▶ _THE TASK_
Every entry, start to finish, should be printed verbatim without pictures.

▶ _RECORDED INFORMATION_
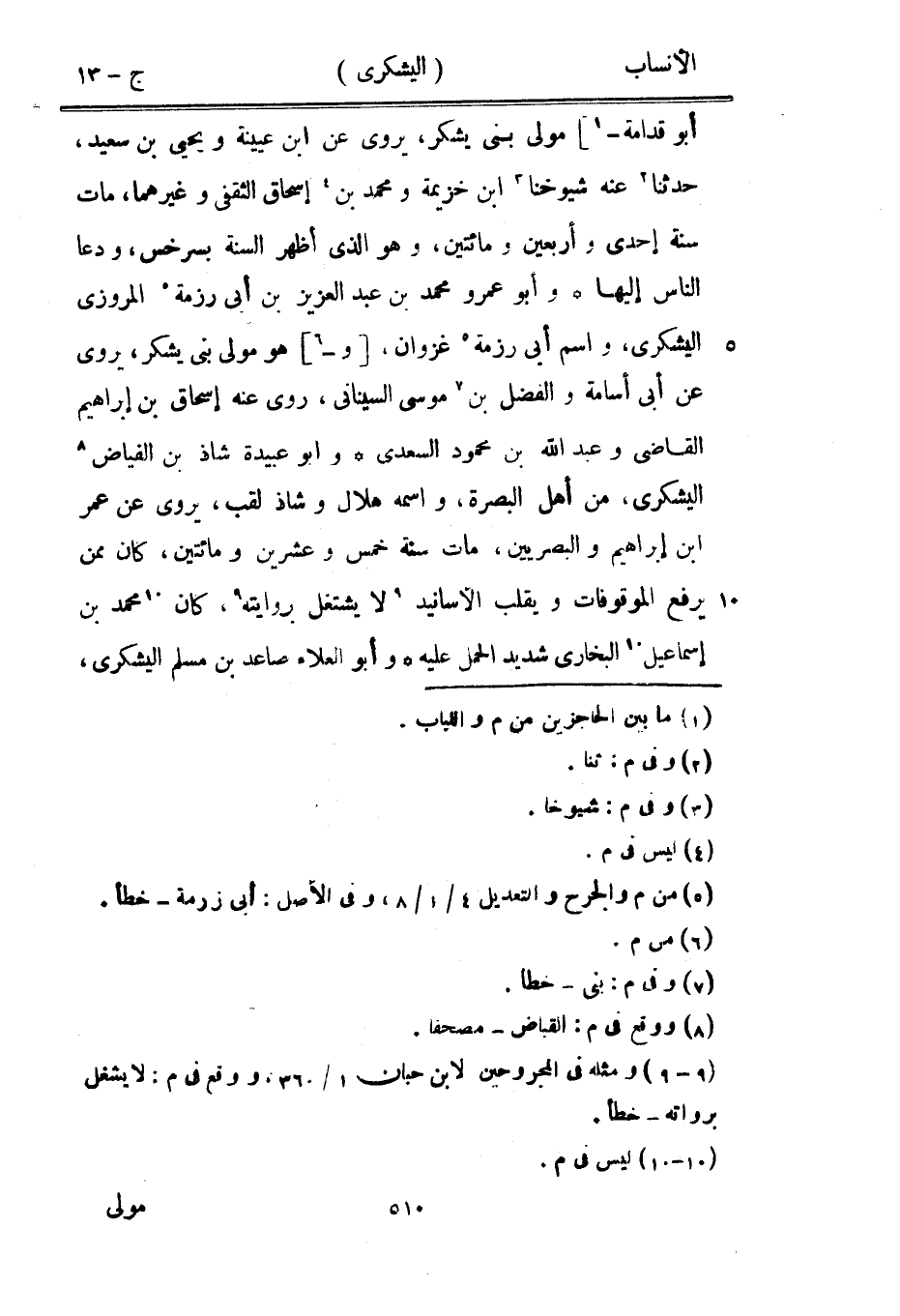 أبو قدامة-[1]] مولى بنى يشكر، يروى عن ابن عيينة ويحيى بن سعيد، حدثنا [2] عنه شيوخنا [3] ابن خزيمة ومحمد بن [4] إسحاق الثقفي وغيرهما، مات سنة إحدى وأربعين ومائتين، وهو الّذي أظهر السنة بسرخس، ودعا الناس إليها وأبو عمرو محمد بن عبد العزيز بن أبى رزمة [5] المروزي اليشكري، واسم أبى رزمة [5] غزوان، [و-[6]] هو مولى بنى يشكر، يروى عن أبى أسامة والفضل بن [7] موسى السينانى، روى عنه إسحاق بن إبراهيم القاضي وعبد الله بن محمود السعدي وابو عبيدة شاذ بن الفياض [8] اليشكري، من أهل البصرة، واسمه هلال وشاذ لقب، يروى عن عمر ابن إبراهيم والبصريين، مات سنة خمس وعشرين ومائتين، كان ممن يرفع الموقوفات ويقلب الأسانيد [9] لا يشتغل بروايته [9] ، كان [10] محمد بن إسماعيل [10] البخاري شديد الحمل عليه وأبو العلاء صاعد بن مسلم اليشكري،
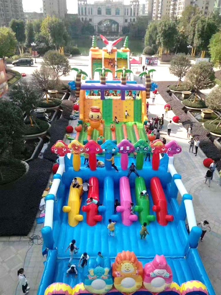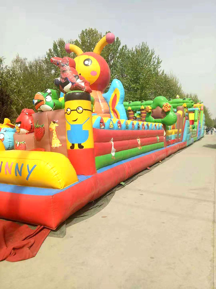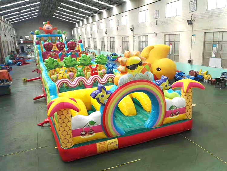 海倍游樂城堡事部專注城堡數十年如一日,有專門的設計和研發部門,有專門的城堡生產車間,接受來樣訂制,來圖設計,可以根據您的場地大小長寬多少制作
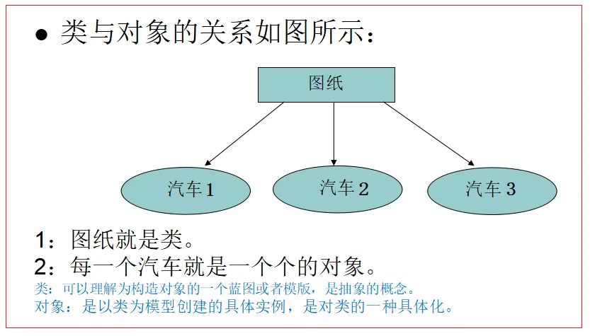类:可以理解为构造对象的一个蓝图或者模版,是抽象的概念。
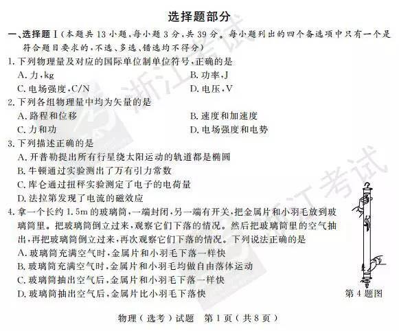 浙江省2017年4月高中學業(yè)水平考試物理試題及答案
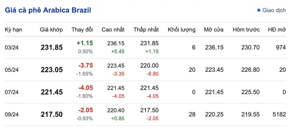 Đối với cà phê Arabica giao dịch trên sàn B3 Brazil sẽ mở cửa từ 19:00 - 02:35 (hôm sau), giờ Việt Nam.
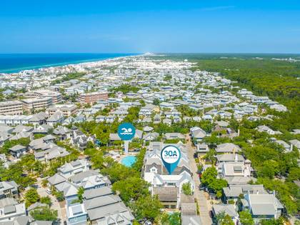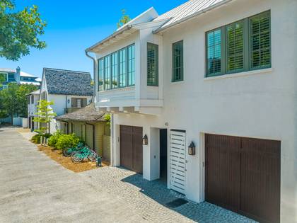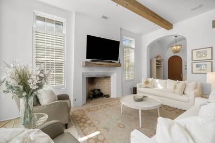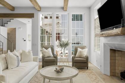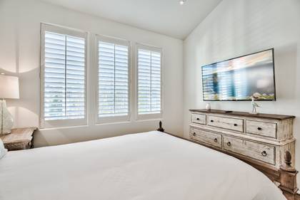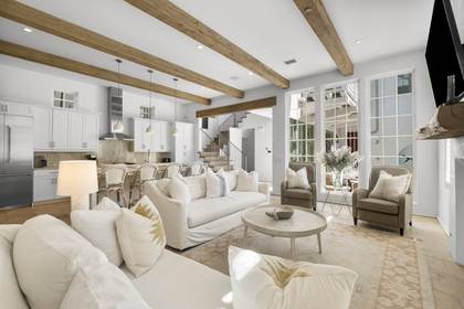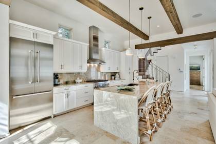 Interior [59]The Harper Cottage & Carriage House in Rosemary Beach offers the feel of a French country manor, with whitewashed walls, wood beams, and an air of effortless elegance. As you enter through the curved door, you’ll find yourself in the spacious great room. To your left is a formal dining room, with a long table for 8, in front of a bank of windows. Other amenities include a wet bar and beverage refrigerator.
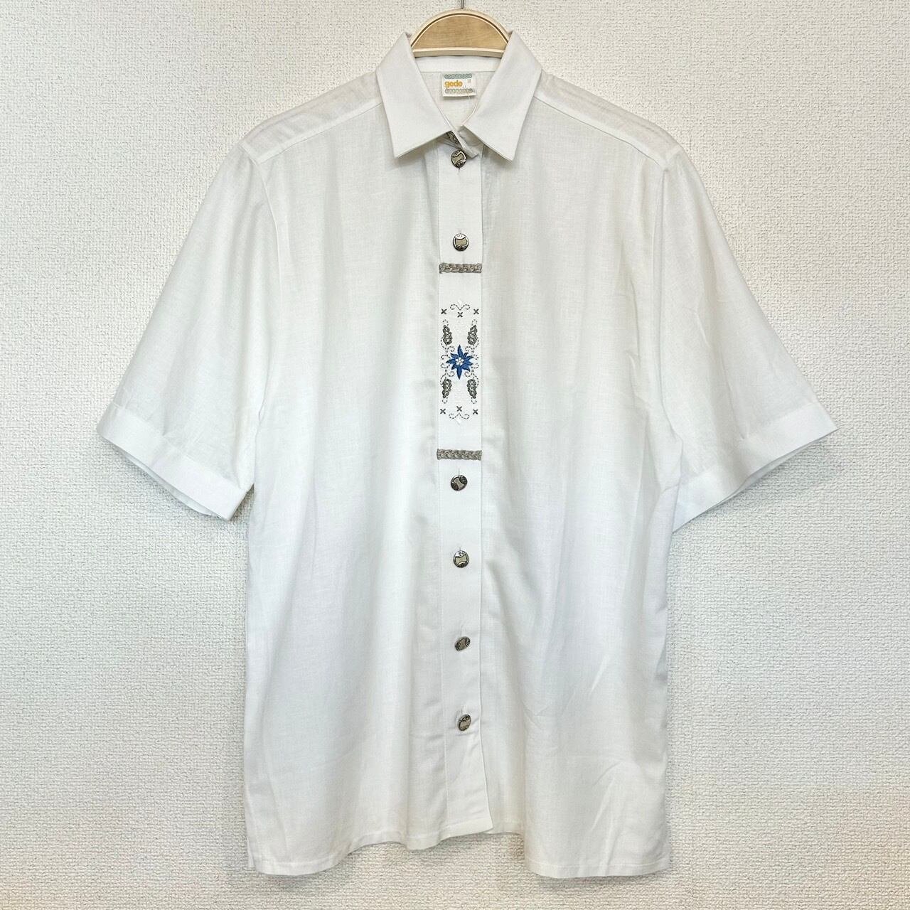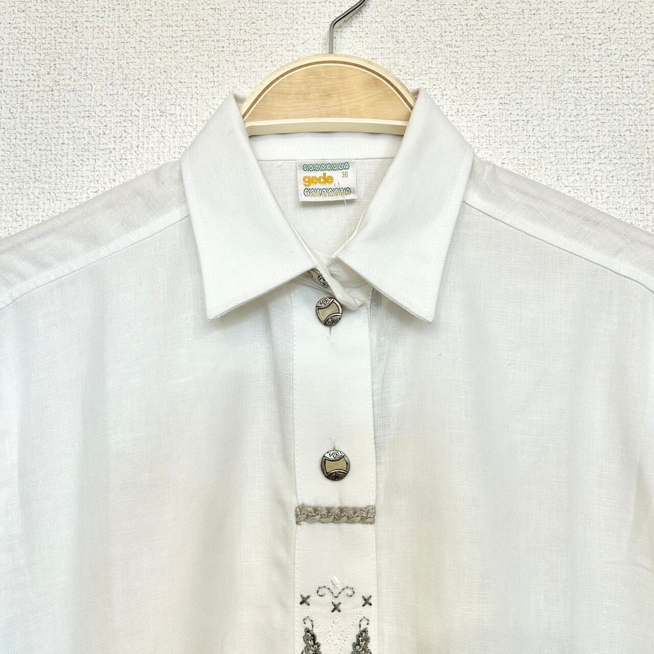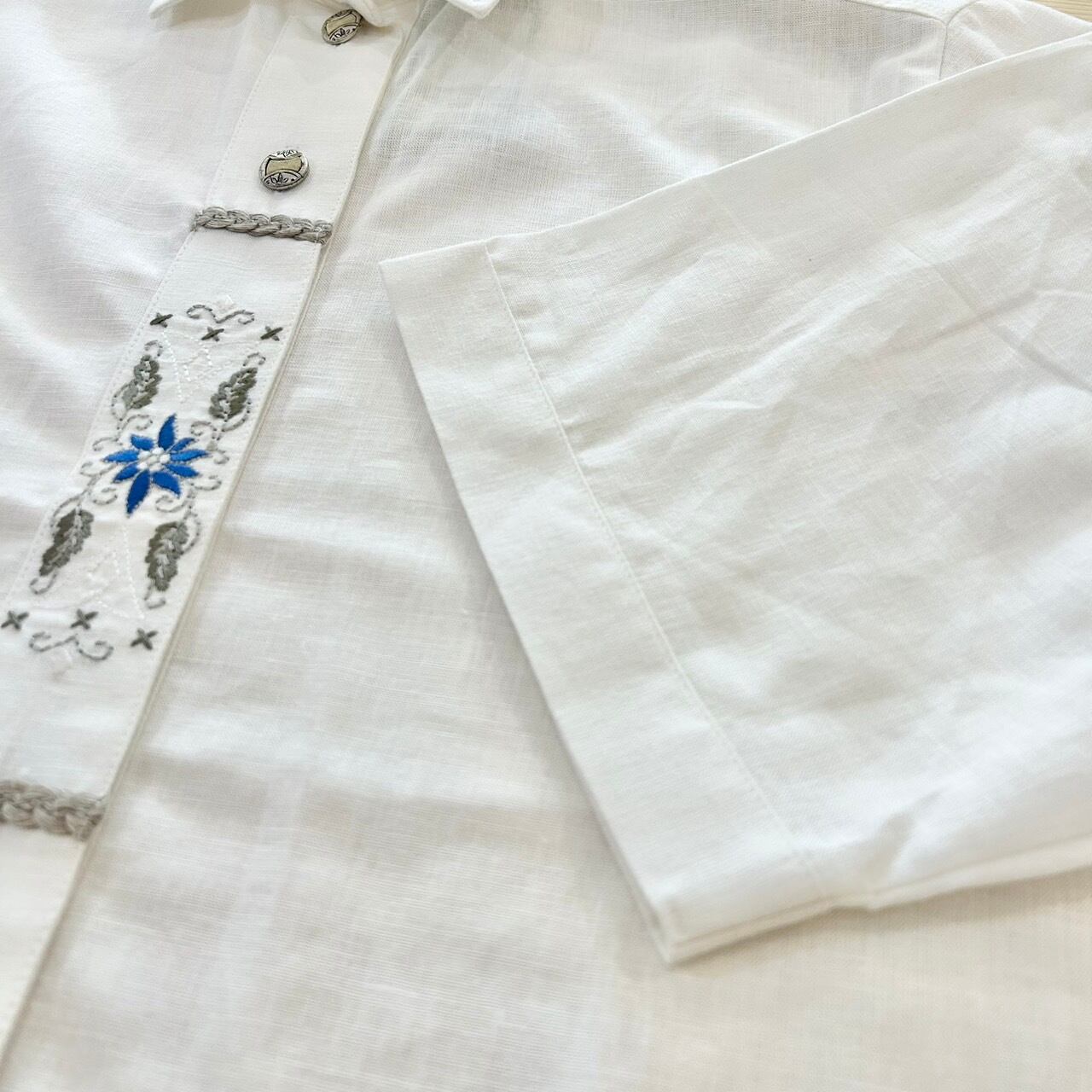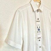 デッドストック品。前立て部分に刺繍が施されているシンプルな半袖のチロリアンシャツです。柔らかくリネン素材なので暑い時期に1枚で着ても素敵な1枚です。
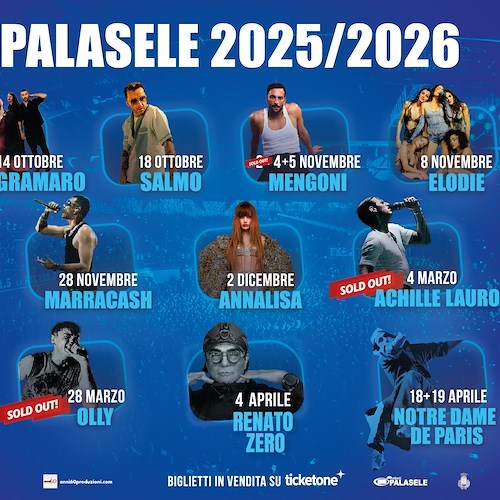 Sette gli appuntamenti già annunciati per il 2026, due già sold out: mercoledì 4 marzo con Achille Lauro, che inizierà proprio al PalaSele la sua nuova avventura "Palazzetti Live 2026", e sabato 28 marzo con Olly e il "TUTTA VITA TOUR", che porterà il cantautore live per la prima volta nei palazzetti italiani. Partirà da Eboli anche "L'ULTIMA NOTTE ROSA THE FINAL SHOW" di Umberto Tozzi che ha annunciato a sorpresa le ultime date della sua tournée mondiale con cui dà il suo addio alla scena live. La tappa è fissata per giovedì 5 marzo. Riprogrammata invece la tappa ebolitana dell'Arena Tour di Luchè che torna dal vivo nel 2026 con il tour nei palasport. Inizialmente previsto per il 19 e 20 dicembre, l'appuntamento al PalaSele è ora fissato per lunedì 23 marzo. I biglietti precedentemente acquistati rimangono validi. Ad aprile scatterà prima "L'ORAZERO IN TOUR" con il ritorno di Renato Zero che riabbraccerà il suo pubblico dal vivo a Eboli sabato 4 aprile, e poi sarà di nuovo tempo delle cattedrali con Notre Dame De Paris, l'opera popolare moderna più famosa al mondo che tornerà qui in scena sabato 18 e domenica 19 aprile. Martedì 5 maggio arriverà a Eboli "Il primo tour nei palazzetti" di Blanco, mentre chiuderà (per il momento) la stagione live Elisa con il suo ritorno già annunciato sabato 9 maggio.
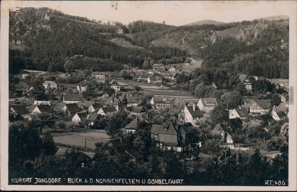 Ansichtskarte: Blick zum Nonnenfelsen und Gondelfahrt - Jonsdorf

▶ _SOLUTION FOR THIS EXERCISE_
 أبو قدامة-[1]] مولى بنى يشكر، يروى عن ابن عيينة ويحيى بن سعيد، حدثنا [2] عنه شيوخنا [3] ابن خزيمة ومحمد بن [4] إسحاق الثقفي وغيرهما، مات سنة إحدى وأربعين ومائتين، وهو الّذي أظهر السنة بسرخس، ودعا الناس إليها وأبو عمرو محمد بن عبد العزيز بن أبى رزمة [5] المروزي اليشكري، واسم أبى رزمة [5] غزوان، [و-[6]] هو مولى بنى يشكر، يروى عن أبى أسامة والفضل بن [7] موسى السينانى، روى عنه إسحاق بن إبراهيم القاضي وعبد الله بن محمود السعدي وابو عبيدة شاذ بن الفياض [8] اليشكري، من أهل البصرة، واسمه هلال وشاذ لقب، يروى عن عمر ابن إبراهيم والبصريين، مات سنة خمس وعشرين ومائتين، كان ممن يرفع الموقوفات ويقلب الأسانيد [9] لا يشتغل بروايته [9] ، كان [10] محمد بن إسماعيل [10] البخاري شديد الحمل عليه وأبو العلاء صاعد بن مسلم اليشكري،
 海倍游樂城堡事部專注城堡數十年如一日,有專門的設計和研發部門,有專門的城堡生產車間,接受來樣訂制,來圖設計,可以根據您的場地大小長寬多少制作
类:可以理解为构造对象的一个蓝图或者模版,是抽象的概念。
 浙江省2017年4月高中學業(yè)水平考試物理試題及答案
 Đối với cà phê Arabica giao dịch trên sàn B3 Brazil sẽ mở cửa từ 19:00 - 02:35 (hôm sau), giờ Việt Nam.
 Interior [59]The Harper Cottage & Carriage House in Rosemary Beach offers the feel of a French country manor, with whitewashed walls, wood beams, and an air of effortless elegance. As you enter through the curved door, you’ll find yourself in the spacious great room. To your left is a formal dining room, with a long table for 8, in front of a bank of windows. Other amenities include a wet bar and beverage refrigerator.
 デッドストック品。前立て部分に刺繍が施されているシンプルな半袖のチロリアンシャツです。柔らかくリネン素材なので暑い時期に1枚で着ても素敵な1枚です。
 Sette gli appuntamenti già annunciati per il 2026, due già sold out: mercoledì 4 marzo con Achille Lauro, che inizierà proprio al PalaSele la sua nuova avventura "Palazzetti Live 2026", e sabato 28 marzo con Olly e il "TUTTA VITA TOUR", che porterà il cantautore live per la prima volta nei palazzetti italiani. Partirà da Eboli anche "L'ULTIMA NOTTE ROSA THE FINAL SHOW" di Umberto Tozzi che ha annunciato a sorpresa le ultime date della sua tournée mondiale con cui dà il suo addio alla scena live. La tappa è fissata per giovedì 5 marzo. Riprogrammata invece la tappa ebolitana dell'Arena Tour di Luchè che torna dal vivo nel 2026 con il tour nei palasport. Inizialmente previsto per il 19 e 20 dicembre, l'appuntamento al PalaSele è ora fissato per lunedì 23 marzo. I biglietti precedentemente acquistati rimangono validi. Ad aprile scatterà prima "L'ORAZERO IN TOUR" con il ritorno di Renato Zero che riabbraccerà il suo pubblico dal vivo a Eboli sabato 4 aprile, e poi sarà di nuovo tempo delle cattedrali con Notre Dame De Paris, l'opera popolare moderna più famosa al mondo che tornerà qui in scena sabato 18 e domenica 19 aprile. Martedì 5 maggio arriverà a Eboli "Il primo tour nei palazzetti" di Blanco, mentre chiuderà (per il momento) la stagione live Elisa con il suo ritorno già annunciato sabato 9 maggio.
 Ansichtskarte: Blick zum Nonnenfelsen und Gondelfahrt - Jonsdorf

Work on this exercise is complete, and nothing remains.